You're a newly hired Data Analyst at **Olist**, Brazil's largest department store marketplace. Olist connects thousands of small businesses (sellers) with customers across Brazil through a unified e-commerce platform. Think of it as Brazil's answer to Amazon Marketplace or Etsy at scale.

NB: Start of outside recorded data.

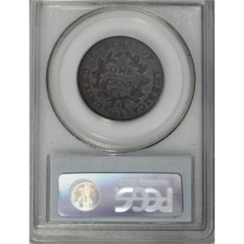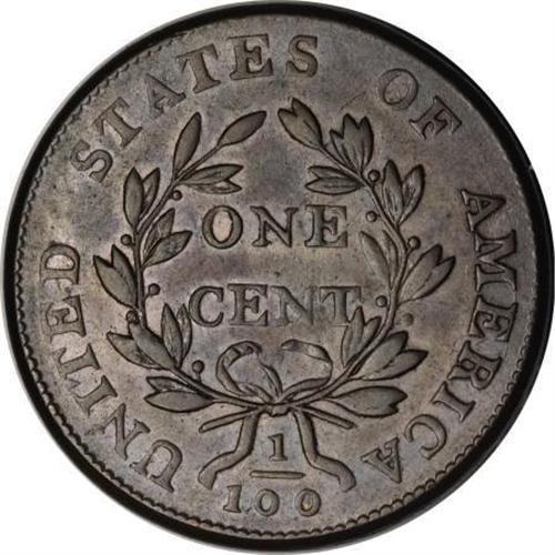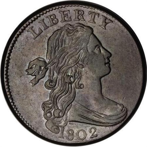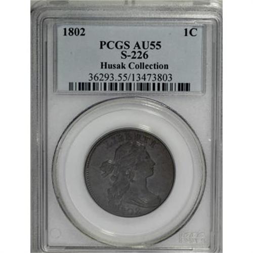 <B>1802 1C AU55 PCGS. S-226, B-2, R.3. </B></I> <B>Photo #60003. Our EAC Grade XF45.<BR><BR>Equivalents. </B></I>Proskey 10; Doughty 173; McGirk 12A; Ross 7-J; Newcomb 2; EAC 2; <I>Encyclopedia </B></I>1750; PCGS #1470.<BR><B><BR>Variety. </B></I>1 joins hair and nearly joins curl. Incomplete ribbon bows. The obverse appears on S-225 and S-226. The reverse appears on S-226, S-227, S-229, and NC-1.<BR><B><BR>Surfaces. </B></I>Attractive olive and tan with hints of faded mint red on the reverse. A few minor abrasions and hairlines do nothing to disturb the eye appeal. The lower right obverse has a short diagonal mark near the upper drapery fold and shallow dents are located in the field close to the back of the head, below the right side of L.<BR><B><BR>Die State III. </B></I>The reverse has a light crack through the tops of AMERI.<BR><B><BR>Census. </B></I>Much like S-225, several Mint State and AU examples of S-226 are available to collectors. Apparently unknown to Bland or Noyes when they published their Condition Census notes. Our EAC grade would place this specimen in a tie for 11th place in the Bland Census, or alone in eighth place in the Noyes Census.<BR><B><BR>Commentary. </B></I>Two XF coins that Noyes records in his Census are called "untraced" and either of those could be the same as this coin. The Husak coin is not the example that was last seen in 1975 EAC sale, but might be the French-T. James Clarke coin, that has been untraced since B. Max Mehl handled it in the 1940s.<BR><BR><B>Provenance. </B></I><I>Doug Bird (2006).</B></I><BR><BR><b>Shipping:</b> Coins & Currency (<a target="_blank" href="http://www.heritageauctions.com/common/shipping.php">view shipping information</a>)
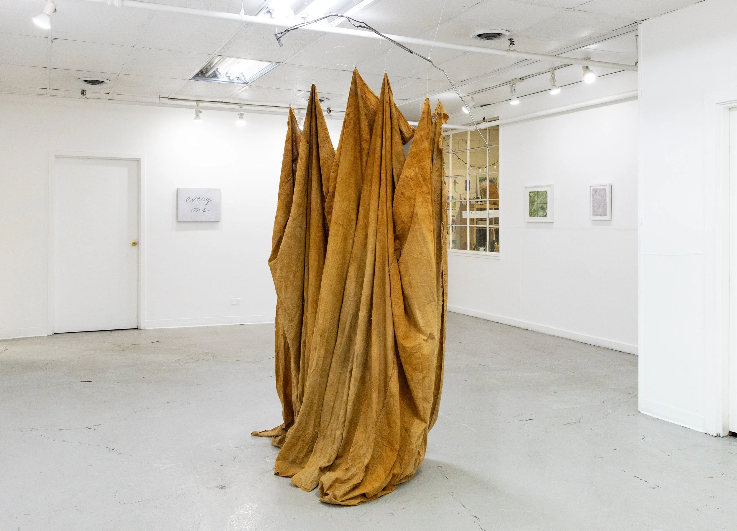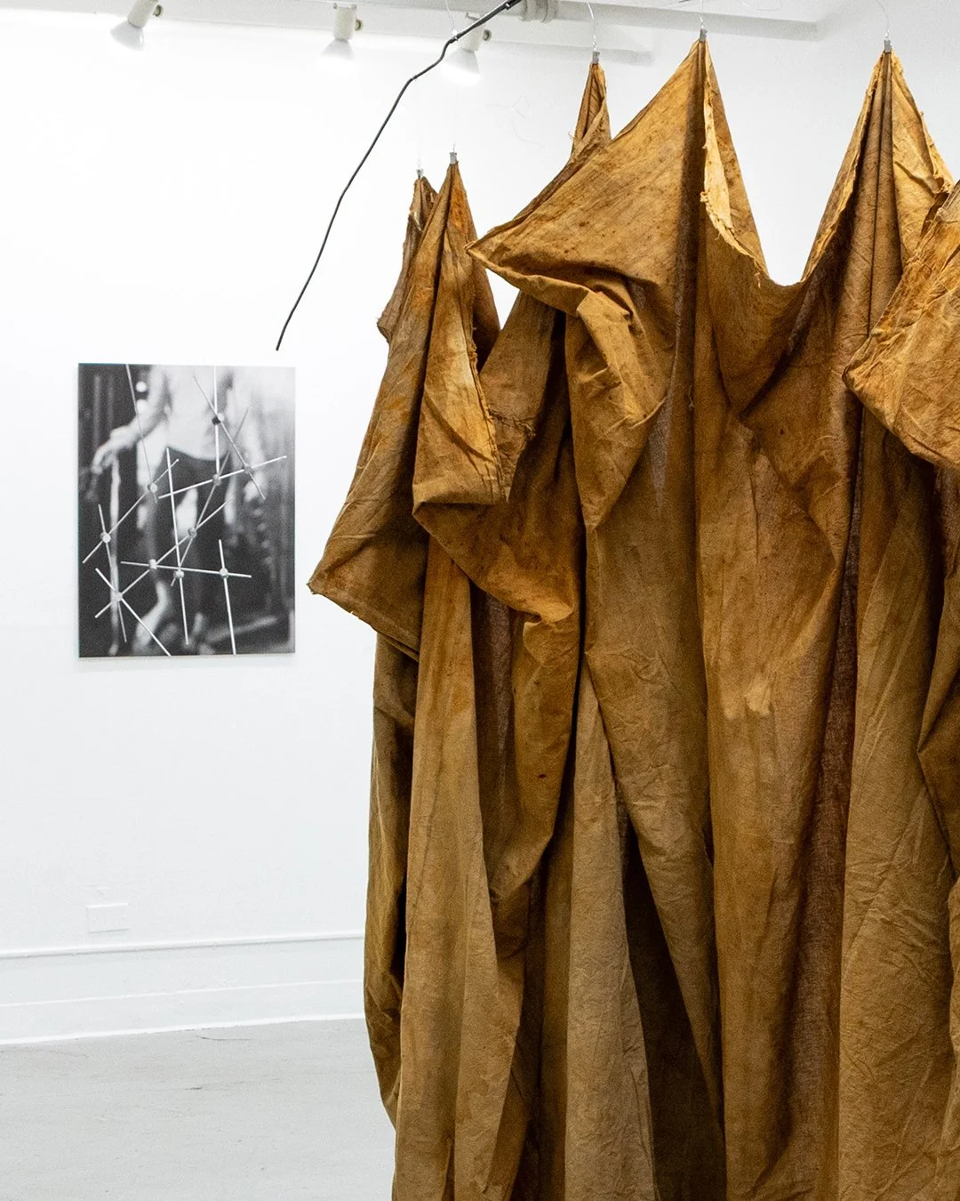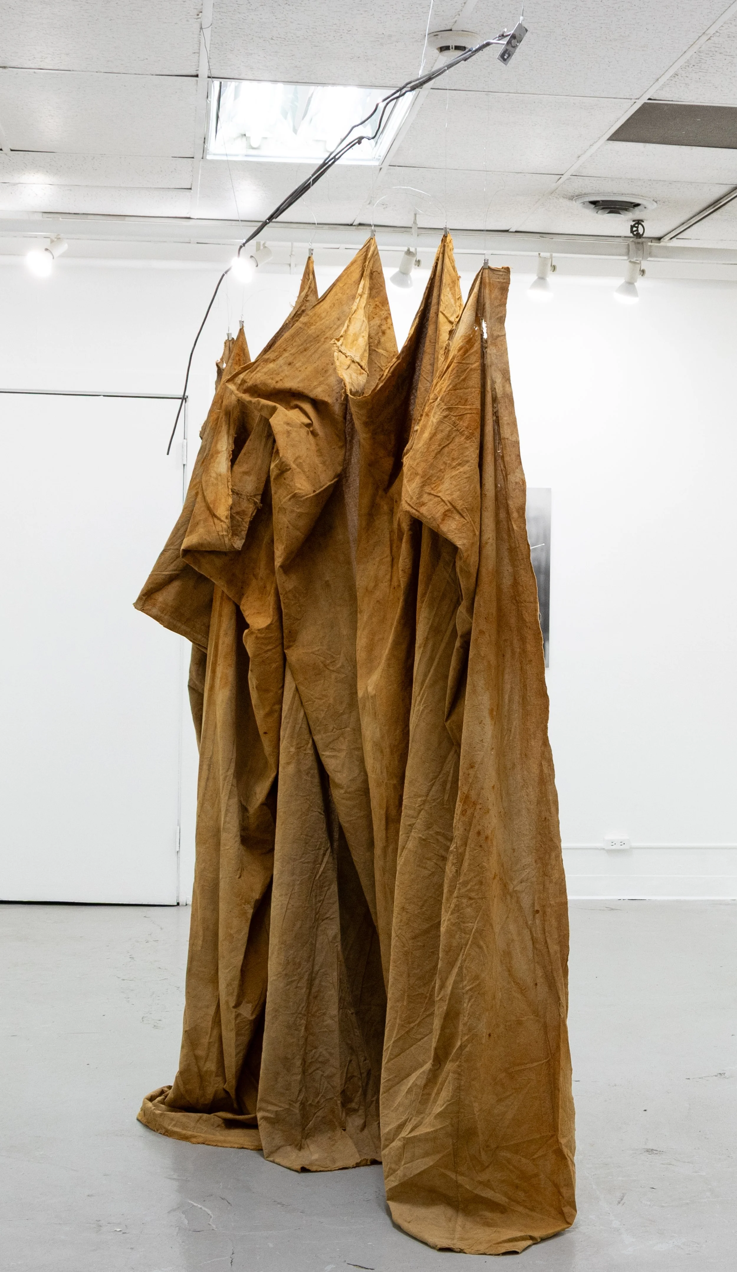Iron, bleach, and vinegar on muslin, metal clips, steel, binding wire
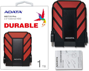 Adata Pro Durable 1TB USB 3.1 Portable External Hard Drive IP68 Waterproof, Shockproof, Dustproof for PS5, PC, PS4, Xbox, Red

You arrive Monday morning to find this email from **Paula Costa**, VP of Marketplace Operations:

---

**From:** Paula Costa <paula.costa@olist.com>  
**To:** You (Data Analytics Team)  
**Subject:** URGENT: Q4 Board Meeting Data - Due Wednesday

> Team,
>
> Our Q4 board meeting is Friday morning. I need insights on seller performance, customer behavior, and product trends to present to the executive team. The board is particularly interested in:
> 
> 1. **Revenue drivers** - which product categories are generating the most sales?
> 2. **Seller performance** - who are our top-performing sellers by state?
> 3. **Customer feedback gaps** - what percentage of orders lack reviews, and why does this matter?
> 
> I need **data-driven answers** by Wednesday EOD. Please analyze our marketplace data (2016-2018) and provide:
> - Clear SQL queries that I can verify
> - Business insights I can present to non-technical executives
> - Recommendations for action
> 
> **Context:** We're evaluating whether to expand seller recruitment in certain states, invest in review incentive programs, and potentially restructure our product category strategy. Your analysis will inform million-dollar decisions.
> 
> I'm counting on you. Let's show the board what data analytics can do.
> 
> — Paula

---

**Your Mission:** Use SQL joins, aggregations, and data analysis to answer Paula's questions and deliver actionable business insights.

---

## Setup: Load Data and Connect to DuckDB

In [1]:
# Import libraries
import duckdb
import pandas as pd
import warnings
warnings.filterwarnings('ignore')

# Connect to in-memory database
con = duckdb.connect(':memory:')

print("✅ Connected to DuckDB!")

✅ Connected to DuckDB!


In [2]:
# Load all necessary tables
con.execute("""
    CREATE TABLE orders AS
    SELECT * FROM '../../data/day2/block_a/olist_orders_dataset.csv'
""")

con.execute("""
    CREATE TABLE customers AS
    SELECT * FROM '../../data/day2/block_a/olist_customers_dataset.csv'
""")

con.execute("""
    CREATE TABLE order_items AS
    SELECT * FROM '../../data/day2/block_a/olist_order_items_dataset.csv'
""")

con.execute("""
    CREATE TABLE products AS
    SELECT * FROM '../../data/day2/block_a/olist_products_dataset.csv'
""")

con.execute("""
    CREATE TABLE sellers AS
    SELECT * FROM '../../data/day2/block_a/olist_sellers_dataset.csv'
""")

con.execute("""
    CREATE TABLE reviews AS
    SELECT * FROM '../../data/day2/block_a/olist_order_reviews_dataset.csv'
""")

con.execute("""
    CREATE TABLE categories AS
    SELECT * FROM '../../data/day2/block_a/product_category_name_translation.csv'
""")

print("✅ All tables loaded successfully!")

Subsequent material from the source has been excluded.